#### TASK GOAL
What is wanted is every line below from the one with "Threads is where" up to and including the one with "Рис. 19. Отражатель: 1", retyped exactly, pictures excluded, nothing else.

(Beginning of MATERIALS PROVIDED)

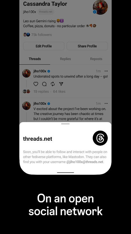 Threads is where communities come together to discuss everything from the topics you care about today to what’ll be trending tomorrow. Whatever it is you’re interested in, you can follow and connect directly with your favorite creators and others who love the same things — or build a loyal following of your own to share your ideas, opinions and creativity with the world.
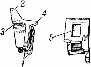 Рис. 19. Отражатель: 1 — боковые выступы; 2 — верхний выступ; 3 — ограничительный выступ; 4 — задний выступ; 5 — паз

(End of MATERIALS PROVIDED)
(Beginning of MATERIALS PROVIDED)

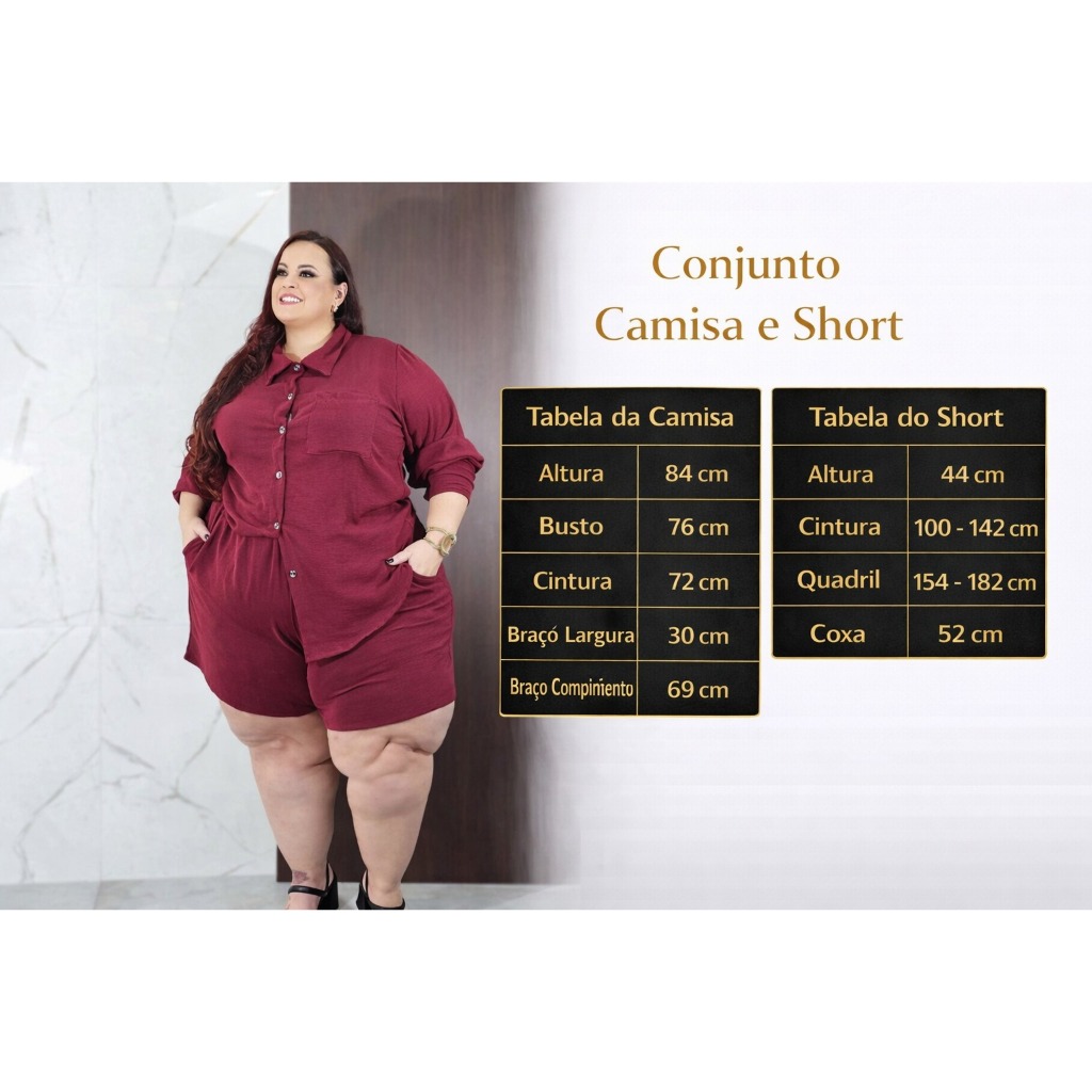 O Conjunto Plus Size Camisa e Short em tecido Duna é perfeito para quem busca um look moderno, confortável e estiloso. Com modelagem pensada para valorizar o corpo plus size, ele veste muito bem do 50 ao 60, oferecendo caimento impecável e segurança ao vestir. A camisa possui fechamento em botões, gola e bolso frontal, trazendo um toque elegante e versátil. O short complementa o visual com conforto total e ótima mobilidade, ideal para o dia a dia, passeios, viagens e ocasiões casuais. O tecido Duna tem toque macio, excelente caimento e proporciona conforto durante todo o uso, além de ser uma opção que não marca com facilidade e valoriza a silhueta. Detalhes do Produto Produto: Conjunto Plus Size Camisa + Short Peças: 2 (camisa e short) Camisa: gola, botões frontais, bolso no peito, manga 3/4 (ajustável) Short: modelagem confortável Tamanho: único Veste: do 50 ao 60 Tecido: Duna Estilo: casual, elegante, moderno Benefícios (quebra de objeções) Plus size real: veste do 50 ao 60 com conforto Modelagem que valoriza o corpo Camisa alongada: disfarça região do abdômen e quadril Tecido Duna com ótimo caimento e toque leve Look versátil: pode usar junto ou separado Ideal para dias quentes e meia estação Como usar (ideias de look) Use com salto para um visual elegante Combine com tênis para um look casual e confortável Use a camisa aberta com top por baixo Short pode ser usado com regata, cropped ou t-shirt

(End of MATERIALS PROVIDED)
(Beginning of MATERIALS PROVIDED)

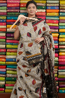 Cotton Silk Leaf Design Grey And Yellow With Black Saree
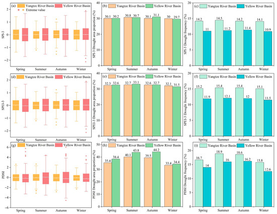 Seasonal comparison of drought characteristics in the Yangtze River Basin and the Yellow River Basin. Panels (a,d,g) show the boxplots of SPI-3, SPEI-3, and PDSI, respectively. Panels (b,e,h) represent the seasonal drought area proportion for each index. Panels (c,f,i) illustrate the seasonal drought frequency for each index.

(End of MATERIALS PROVIDED)

#### EXERCISE RESPONSE
 Threads is where communities come together to discuss everything from the topics you care about today to what’ll be trending tomorrow. Whatever it is you’re interested in, you can follow and connect directly with your favorite creators and others who love the same things — or build a loyal following of your own to share your ideas, opinions and creativity with the world.
 Рис. 19. Отражатель: 1 — боковые выступы; 2 — верхний выступ; 3 — ограничительный выступ; 4 — задний выступ; 5 — паз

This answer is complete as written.